• [The problem] With all pictures omitted, return verbatim the lines from the beginning of the records below through the line containing "La Agencia Estatal".

• [Data excerpts]

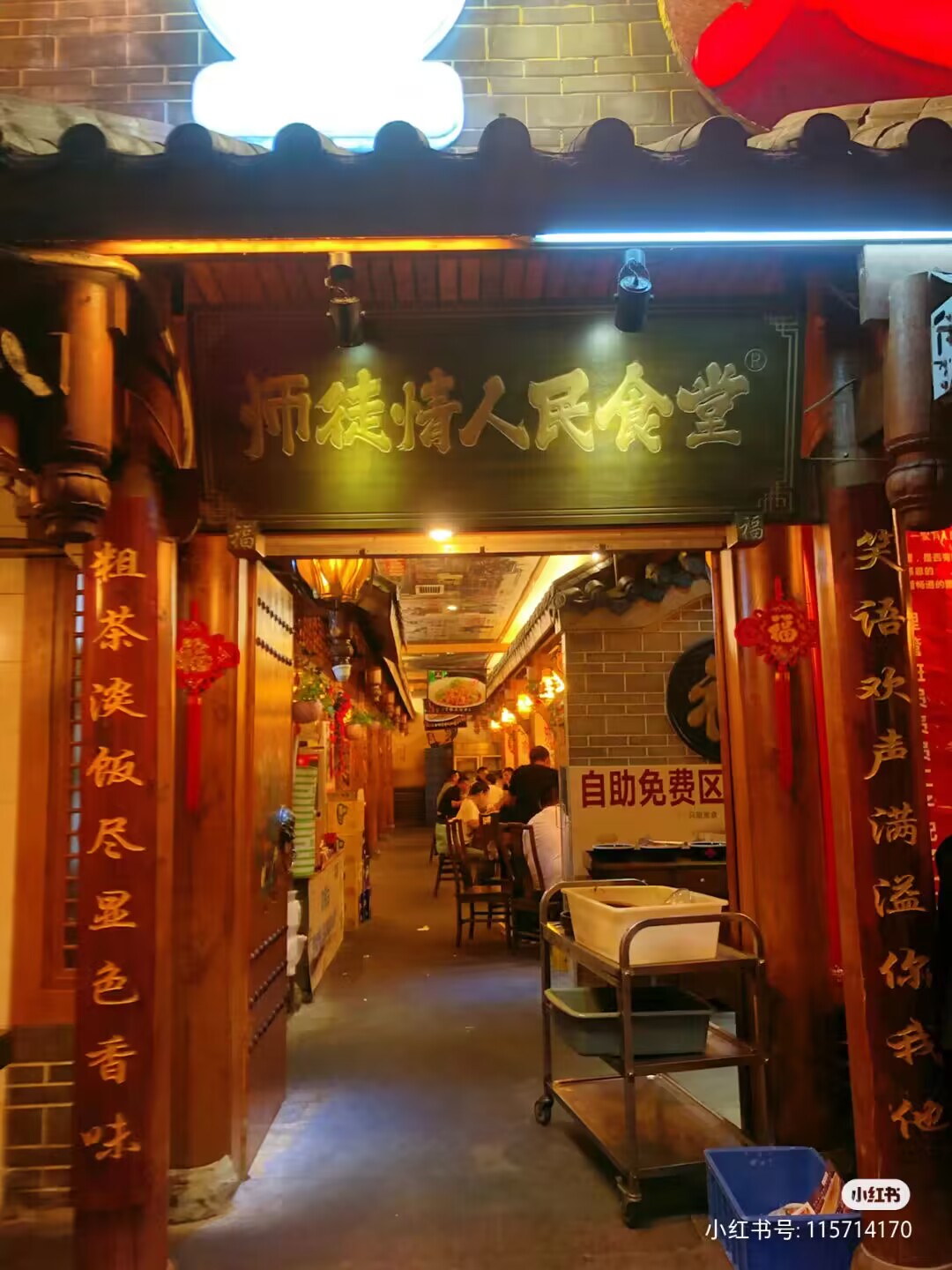 午餐享用【师徒情主题人民食堂】:成都最火爆、最有情怀的红色怀旧的记忆餐厅。厨王大刀白肉、食堂木桶鱼、招牌花椒兔、鲜椒口口脆、连山回锅肉、麻婆豆腐、手撕莲白,酸辣土豆、炝炒时蔬
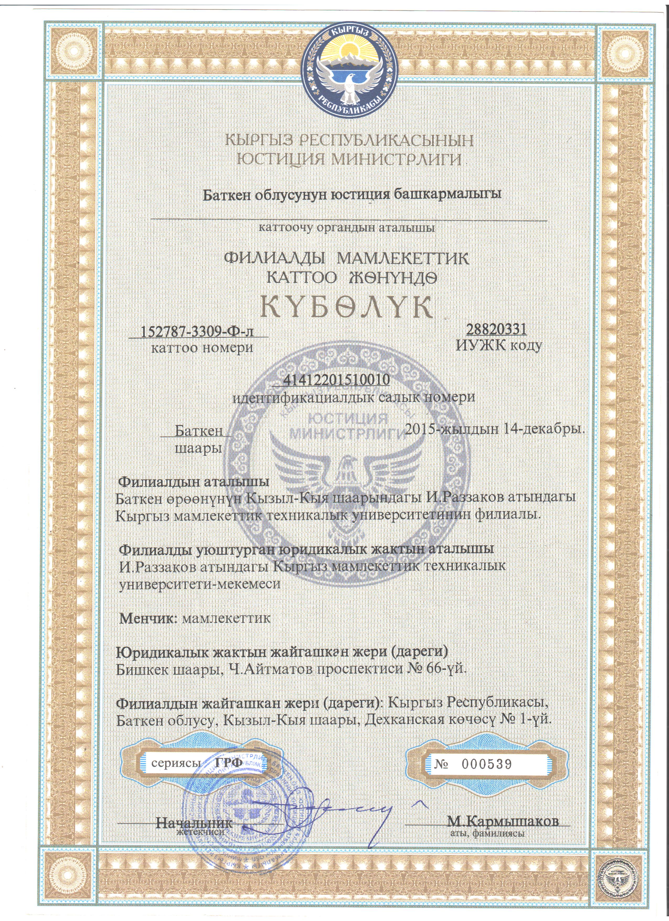 Свидетельство о государственной регистрации филиала
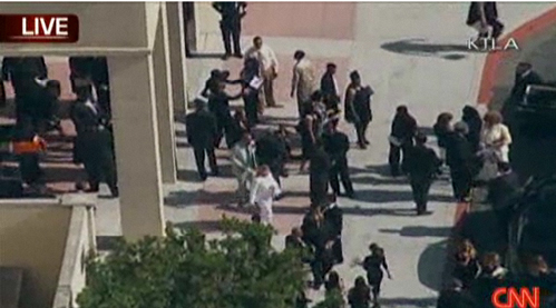 由杰克遜父母及家族成員所乘坐的20余輛黑色禮車,于當?shù)貢r間上午8時前由洛杉磯西邊的Encino豪宅出發(fā)。
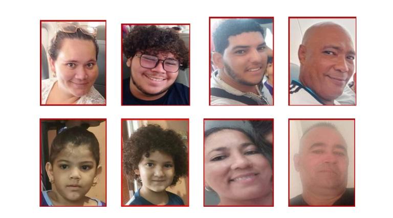 La Agencia Estatal de Investigaciones y la Comisión Local de Búsqueda de Personas emitieron las fichas la noche de este sábado 21 de septiembre. El grupo de personas provenientes de Cuba está conformado por Onel Juan Samon Reyes, de 34 años; Yereny Pompova Leiva, de 43; Yosvany González Leiva, de 53; Dairon Micher Jiménez Pompova, de 18; Heily Jiménez Pompova, de 25 y Micher Jiménez Echemendia
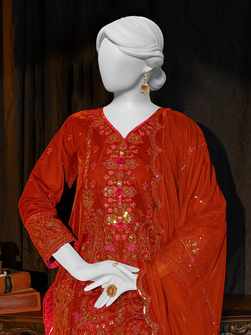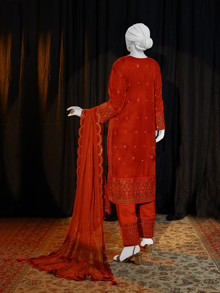 Ready-To-Wear Dupatta, Net Base With 4 Side Embroidered Velvet Borders, 2.50 M
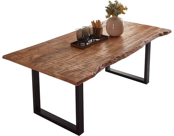 Der Esstisch besteht aus massiven und robusten Mangoholz. Aufgrund der einzigartigen Maserung und der immer unterschiedlichen Baumkante erhalten Sie ein Unikat mit individuellem Charakter. Das U-förmige Metallgestell verleiht dem Tisch einen industriellen Look. Das Highlight des Küchentischs bildet die raue und 2,6 cm dicke Tischplatte mit Säge-, Hobel- und Gebrauchsspuren. Dieser edle Tisch lässt sich daher problemlos mit verschiedenen Möbelstücken kombinieren.
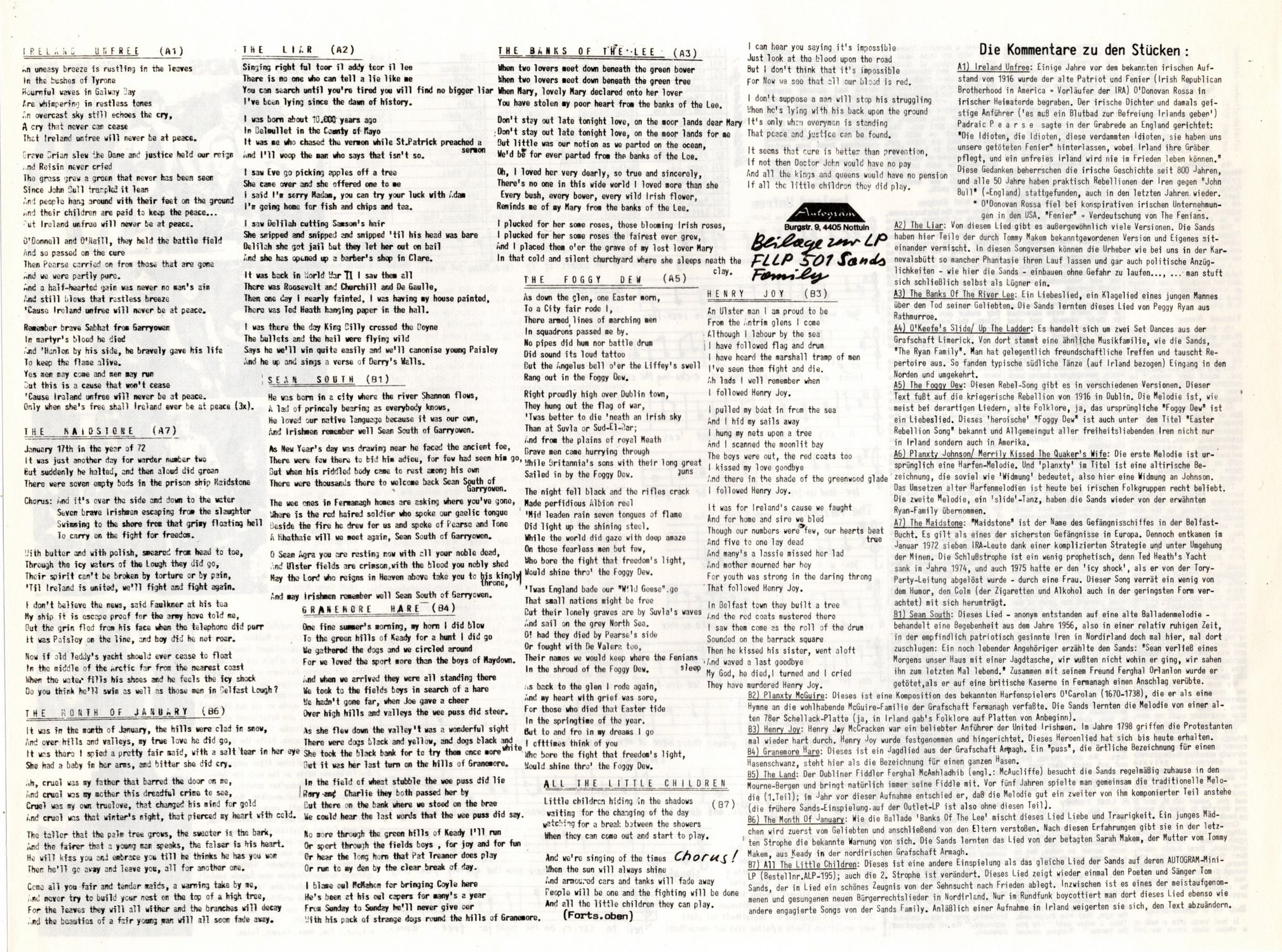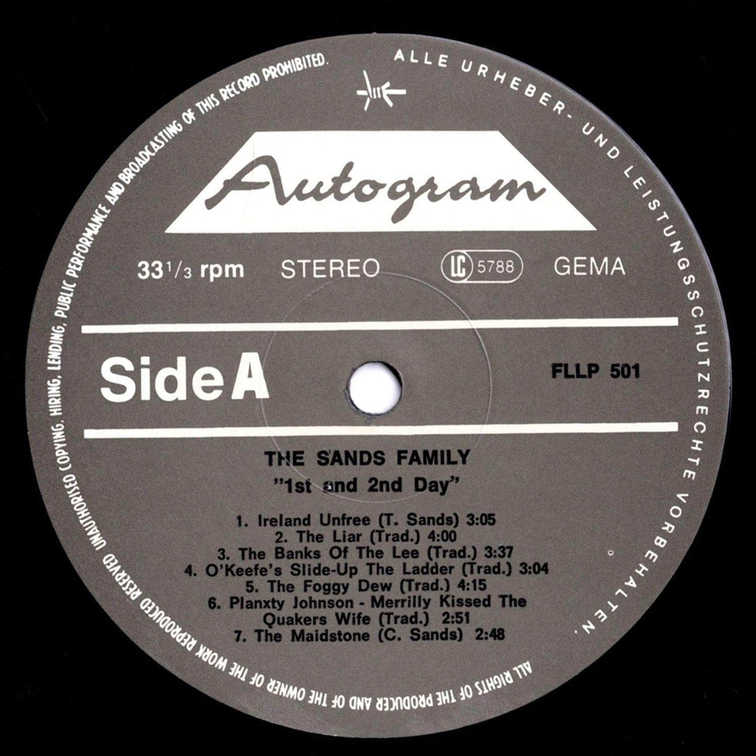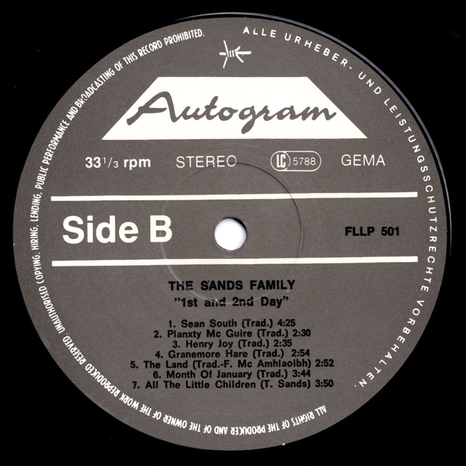 All The Little Children — This is a different recording than the same Sands song on their AUTOGRAM mini-LP (item no. ALP-195); the 2nd verse is also changed. This song once again features the poet and singer Tom Sands, who in the song bears beautiful witness to the longing for peace. It is now one of the most recorded and sung new civil rights songs in Northern Ireland. Only on the radio is this song boycotted there, as well as other committed songs by the Sands Family. When recording in Ireland they refused to change the lyrics.

• [Answer to this task]
 午餐享用【师徒情主题人民食堂】:成都最火爆、最有情怀的红色怀旧的记忆餐厅。厨王大刀白肉、食堂木桶鱼、招牌花椒兔、鲜椒口口脆、连山回锅肉、麻婆豆腐、手撕莲白,酸辣土豆、炝炒时蔬
 Свидетельство о государственной регистрации филиала
 由杰克遜父母及家族成員所乘坐的20余輛黑色禮車,于當?shù)貢r間上午8時前由洛杉磯西邊的Encino豪宅出發(fā)。
 La Agencia Estatal de Investigaciones y la Comisión Local de Búsqueda de Personas emitieron las fichas la noche de este sábado 21 de septiembre. El grupo de personas provenientes de Cuba está conformado por Onel Juan Samon Reyes, de 34 años; Yereny Pompova Leiva, de 43; Yosvany González Leiva, de 53; Dairon Micher Jiménez Pompova, de 18; Heily Jiménez Pompova, de 25 y Micher Jiménez Echemendia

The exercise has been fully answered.